8 May 2013

WSPR - how long to get a decode?

A question for my esteemed readers please.

Using WSPR (WSPR2 that is) the transmission burst is nearly 2 minutes long, but I believe strong signals can be decoded when only a part of the burst is received. My question is, how short a burst can be decoded?  Presumably it depends on how strong the signal is.

LB9YE was coming through quite well this morning but there was no decode of a very strong (I assume MS) burst at 1048 which lasted about 30 seconds. Of course with MS there may also be some Doppler shift which can mess things up a bit.

If you know about WSPR and can help with the answer, I'd appreciate it. I am particularly curious to know how WSPR might do with short MS bursts which can be strong but only last a few seconds. It also begs another question: there is now a longer version of WSPR (WSPR15) with better decode S/N levels. I wonder if a shorter version of WSPR has been considered? Then again I think there may be better modes for MS.

5 comments:

g4fre said...

wspr takes 110.6 seconds to transmit fully (see http://physics.princeton.edu/pulsar/K1JT/WSPR_2.0_User.pdf) so it will not deal with short bursts. FSK441 is the mode used for meteor bursts with great success. Conversely FSK441 does an awful job decoding long lasting signals.

Roger G3XBM said...

Thanks G4FRE (sorry don't know your name).

So, are you saying that it will not decode AT ALL with a shorter period of reception? I thought there was some coding redundancy such that bits could be lost, to some degree, without problems as long as the signal quality was high.

Graham said...

Indeed, WSPR does require too long to decode to be of much use with MS.

As G4FRE mentioned FSK441 is one of Joe Taylor's creation specifically for MS as is JT6M (specifically for 6M)

Last summer for a while I monitored 6M WSPR here in North America. Very little activity but there was some success. In this respect, WSPR is much better suited to ES rather than MS.

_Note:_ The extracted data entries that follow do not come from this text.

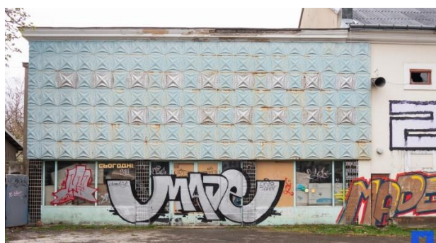
Рис. 1. Граффити «bombing», в стиле «throw-up» г. Коломыя

субкультурного граффити как «bombing», заключающийся в максимально быстром выполнении рисунка на хорошо видимом месте. Если когда-то с помощью этой техники разрисовывались, в основном, вагоны поездов, то сегодня bombing вышел на улицы городов и активно распространяется на архитектурных фасадах. Его характеризует низкая детализация графики, однако художественная вольность и динамичность форм. Образцы этого вида граффити находим практически в каждом городе области. Например, в г. Коломые видим рисунки в стиле «throw-up», выполненные в двух-трех цветах, без дополнительных эффектов или декоративных элементов (рис.1).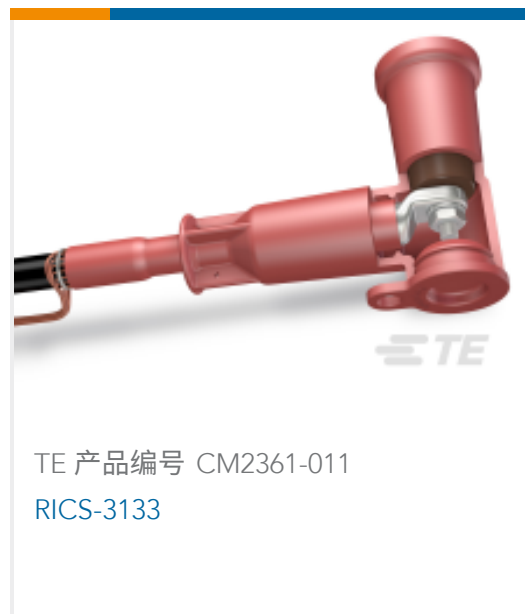
TE 产品编号 CM2361-011 RICS-3133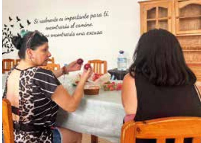
Personas atendidas en el centro de emergencia "Bravo Murillo", que Cáritas Diocesana tiene en Badajoz.

La falta de un techo obliga a estas personas a afrontar a diario una serie de obstáculos que impiden su integración plena en la sociedad. Entre ellas destacan la falta de intimidad, las dificultades de acceso a un trabajo decente y a una vivienda adecuada, las trabas para acceder a los trámites de la administración pública, como por ejemplo el empadronamiento, o los problemas de salud física y mental. "La salud mental merece especial atención, ya que es tanto un factor de riesgo como una consecuencia del sinhogarismo. Las crisis personales y las situaciones estresantes suelen ser detonantes que llevan a la persona a perder su hogar", indica Ma-

I have a QRSS grabber set up for 10m and have been running it continuously for quite some time. It is interesting to watch signals fade in around then fade out as the conditions permit. Interestingly, when 10 has been active and signals have faded, about an hour later the signals will fade in once for about 30 to 45 minutes.

On my grabber I will see from time to time what I refer to as 'squiggles' short horizontal S shaped signals of about 10 to 15 seconds duration. Indications are that there are being caused by MS but the exact source of the signal being so reflected is anyone's guess.

Apparently there is some MS activity on 10m but so far I have not made any concerted effort to locate and attempt to decode.

QRSS as you know is able to detect extremely weak signals through long term integration but decoding and reporting is entirely manual. the advantages of the likes of WSPR is their ability to record, report, and collate reception reports automagically.

WSPR on 10m ES OK, MS not likely.

The trouble I am finding is that there are too many modes, too many "watering holes" etc, etc, that it is sometime hard to know if you are just not hearing something or your equipment is at fault.

Lots of fun either way; the journey is what is important, not the destination.

cheers, Graham ve3gtc

Sverre Holm said...

A WSPR message consists of 50 bits and is encoded into 162 bits with a convolutional code. I believe that that means that under good conditions 50/162 or about 31% of the message is enough for a decode.

At least this is the case for the RS-coding of JT65 where it is claimed that 10-15 sec of the 48 sec transmission is all that is needed under good conditions. This is not far from my experience also. I believe that can be estimated from 72 informaton bits that are coded into 63 6-bit symbols each, so 72/(63*6) = 19% is the message. 19% of the transmission length of 48 sec is about 9.2 sec.

Sverre Holm said...

I've looked at this again. It is only the Reed-Solomon coding of the JT65 that can manage with a partial code as in the example above.

This doesn't apply, it seems, to convolutional coding, i.e. WSPR and JT9.